The truths that Socrates, Euclid and Pythagoras discovered and proclaimed all lead to the one Truth which, if you follow the steps down and across the room, start at the bottom of the fresco and move up you will see that the movement continues up, up, up.


It starts in this world and leads to the sublime mysteries of the next, centering on the dispute concerning the truth of the Blessed Sacrament... which is the one mystery of Christ's presence in this world that has a direct bearing and connection to the world of the divine, through the Holy Spirit (dove).  You caan see the mystery of the Trinity in the ascending line to the Father... with Christ flanked by St.
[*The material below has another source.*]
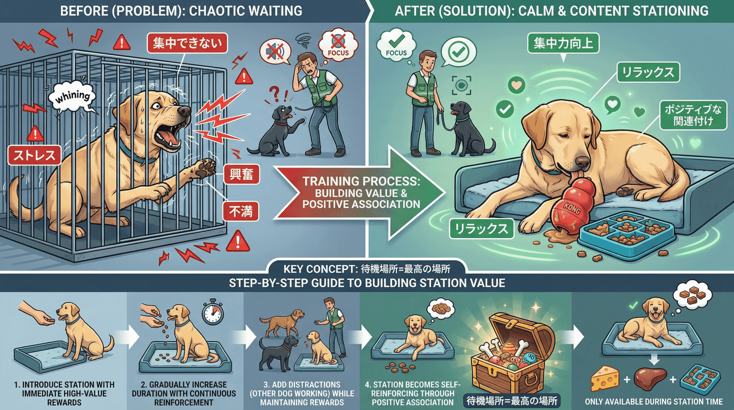 待機場所(クレート、マット、車など)を、「我慢の場所」ではなく「特別なご褒美がもらえる最高の場所」に変えることが重要です。これを「ステーションニング」または「クレートゲーム」と呼びます。普段は与えない、非常に価値の高いおやつ(チーズ、レバーなど)を用意し、それは「他の犬がトレーニング中に、ステーションで静かに待っている時だけ」もらえるようにします。最初は短い時間から始め、静かに待てたらすぐに報酬を与えます。徐々に時間を延ばしていくことで、「待っていれば良いことがある」と犬は学習します。各犬に、これからトレーニングを始めることを示す明確な合図(特定の言葉やジェスチャー)を教えることで、待機中の犬は「今は自分の番ではない」と理解しやすくなります。

John the Baptist on his left and the Blessed Virgin Mary on his right.

I already had the Disputation on the Blessed Sacrament in my study on one wall, so I bought a poster of the Philosophers to put on the other wall.  That way I can continue to meditate on what I saw in the room leading to the Sistine Chapel.  My only challenge will be getting it home without creasing it.



The end wall was the miraculous release of St. Peter from prison.  Raphael had just seen the Sistine Chapel for the first time and was inspired by what he saw... and wanted to out-do Michelangelo in this fresco:


Like I said... I have lots of pictures, but I spare you the whole and thank you for your patience while I recorded a few thoughts from Liz Lev so that I can come back to this blog in days to come as a reminder.